N. 16321/2022 REG.RIC.
REPUBBLICA ITALIANA
IN NOME DEL POPOLO ITALIANO
Il Tribunale Amministrativo Regionale per il Lazio
(Sezione Quinta Bis)
ha pronunciato la presente
SENTENZA
sul ricorso numero di registro generale 16321 del 2022, proposto da -OMISSIS-, rappresentato e difeso dall'avvocato Francesco Lombardini, con domicilio digitale come da PEC da Registri di Giustizia;
contro
il Ministero dell'Interno, in persona del Ministro pro tempore , rappresentato e difeso dall'Avvocatura Generale dello Stato, domiciliataria ex lege in Roma, via dei Portoghesi, n. 12;
per l'annullamento
del provvedimento di diniego della cittadinanza Italiana ex art. 9 della L. 5 febbraio 1992, n. 91, emesso dall’intimato Ministero, notificato al ricorrente in data 10.11.2022, nonché di ogni atto allo stesso preordinato, presupposto, consequenziale e connesso.

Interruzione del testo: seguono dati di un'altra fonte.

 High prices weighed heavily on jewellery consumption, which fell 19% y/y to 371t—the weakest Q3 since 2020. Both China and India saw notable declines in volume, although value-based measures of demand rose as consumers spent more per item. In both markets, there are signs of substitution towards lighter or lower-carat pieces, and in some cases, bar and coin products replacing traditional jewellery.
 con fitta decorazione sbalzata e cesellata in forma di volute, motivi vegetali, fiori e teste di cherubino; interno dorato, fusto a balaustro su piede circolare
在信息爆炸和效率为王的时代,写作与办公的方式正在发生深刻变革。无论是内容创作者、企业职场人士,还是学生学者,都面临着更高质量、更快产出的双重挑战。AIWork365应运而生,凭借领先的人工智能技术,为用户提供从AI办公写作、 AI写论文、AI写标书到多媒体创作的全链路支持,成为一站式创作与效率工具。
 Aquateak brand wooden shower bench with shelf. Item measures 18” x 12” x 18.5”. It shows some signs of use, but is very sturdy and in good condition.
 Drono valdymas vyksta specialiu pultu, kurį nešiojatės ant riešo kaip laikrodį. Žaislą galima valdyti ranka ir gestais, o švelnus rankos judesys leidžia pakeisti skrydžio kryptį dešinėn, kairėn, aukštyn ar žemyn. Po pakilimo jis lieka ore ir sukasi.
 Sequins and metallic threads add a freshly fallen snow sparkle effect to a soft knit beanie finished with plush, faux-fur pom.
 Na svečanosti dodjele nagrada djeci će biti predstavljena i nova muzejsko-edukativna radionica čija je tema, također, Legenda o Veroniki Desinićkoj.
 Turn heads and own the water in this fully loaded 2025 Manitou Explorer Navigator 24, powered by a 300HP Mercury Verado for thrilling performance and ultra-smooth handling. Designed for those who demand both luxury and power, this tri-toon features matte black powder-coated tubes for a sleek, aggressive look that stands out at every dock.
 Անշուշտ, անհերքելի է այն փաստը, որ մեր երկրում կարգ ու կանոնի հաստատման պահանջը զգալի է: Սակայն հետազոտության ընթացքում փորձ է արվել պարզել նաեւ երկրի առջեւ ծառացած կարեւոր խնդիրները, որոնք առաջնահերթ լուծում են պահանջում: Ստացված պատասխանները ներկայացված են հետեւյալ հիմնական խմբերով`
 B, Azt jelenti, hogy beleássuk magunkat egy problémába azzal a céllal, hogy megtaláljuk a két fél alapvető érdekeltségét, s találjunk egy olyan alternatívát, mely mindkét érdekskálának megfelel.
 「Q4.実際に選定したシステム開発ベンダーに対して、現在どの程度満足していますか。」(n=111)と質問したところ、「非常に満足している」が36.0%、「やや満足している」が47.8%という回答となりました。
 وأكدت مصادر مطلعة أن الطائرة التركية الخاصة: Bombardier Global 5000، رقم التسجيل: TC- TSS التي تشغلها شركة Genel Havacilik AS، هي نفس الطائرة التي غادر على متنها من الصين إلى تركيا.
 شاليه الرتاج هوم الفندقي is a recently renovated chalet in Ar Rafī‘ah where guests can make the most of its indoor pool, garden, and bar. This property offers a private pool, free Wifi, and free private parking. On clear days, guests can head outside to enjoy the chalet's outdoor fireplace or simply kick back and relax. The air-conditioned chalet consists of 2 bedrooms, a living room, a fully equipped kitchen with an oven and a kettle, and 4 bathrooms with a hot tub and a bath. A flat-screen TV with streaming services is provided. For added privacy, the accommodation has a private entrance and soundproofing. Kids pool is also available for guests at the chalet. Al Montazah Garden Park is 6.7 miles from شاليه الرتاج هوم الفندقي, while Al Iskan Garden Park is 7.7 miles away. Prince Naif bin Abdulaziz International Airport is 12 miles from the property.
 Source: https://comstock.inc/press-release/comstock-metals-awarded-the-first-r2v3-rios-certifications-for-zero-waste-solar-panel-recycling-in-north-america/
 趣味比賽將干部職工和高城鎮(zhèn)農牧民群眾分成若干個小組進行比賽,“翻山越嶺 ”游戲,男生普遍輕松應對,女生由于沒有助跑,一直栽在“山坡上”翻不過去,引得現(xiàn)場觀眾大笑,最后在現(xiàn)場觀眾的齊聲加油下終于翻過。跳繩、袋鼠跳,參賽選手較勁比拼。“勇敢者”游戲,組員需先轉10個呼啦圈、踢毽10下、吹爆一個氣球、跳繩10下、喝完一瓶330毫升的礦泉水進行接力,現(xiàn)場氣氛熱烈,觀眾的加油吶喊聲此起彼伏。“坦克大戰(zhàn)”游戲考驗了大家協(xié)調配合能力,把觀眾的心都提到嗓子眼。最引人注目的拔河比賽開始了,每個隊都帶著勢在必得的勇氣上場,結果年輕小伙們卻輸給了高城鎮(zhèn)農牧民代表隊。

Visti il ricorso e i relativi allegati;
Visto l'atto di costituzione in giudizio dell’intimato Ministero;
Visti tutti gli atti della causa;
Visto l'art. 87, c. 4- bis , c.p.a.;
Relatore all'udienza straordinaria di smaltimento dell'arretrato del giorno 23 gennaio 2026, tenutasi tramite collegamento da remoto, il dott. IZ DO e uditi per le parti i difensori come specificato nel verbale;
Ritenuto e considerato in fatto e diritto quanto segue.
FATTO
1. Parte ricorrente ha impugnato il provvedimento in epigrafe, con il quale l’intimata amministrazione ha respinto la sua istanza di concessione della cittadinanza italiana presentata il 21.8.2018, tenuto conto dell’esistenza di due procedimenti penali:
(i) il primo per il reato di maltrattamenti contro familiari e conviventi (art. 572, c.p.), per fatti commessi il 4.11.2007;
(ii) il secondo per il reato di ricettazione (art. 648, c.p.), commesso il 25.7.2013.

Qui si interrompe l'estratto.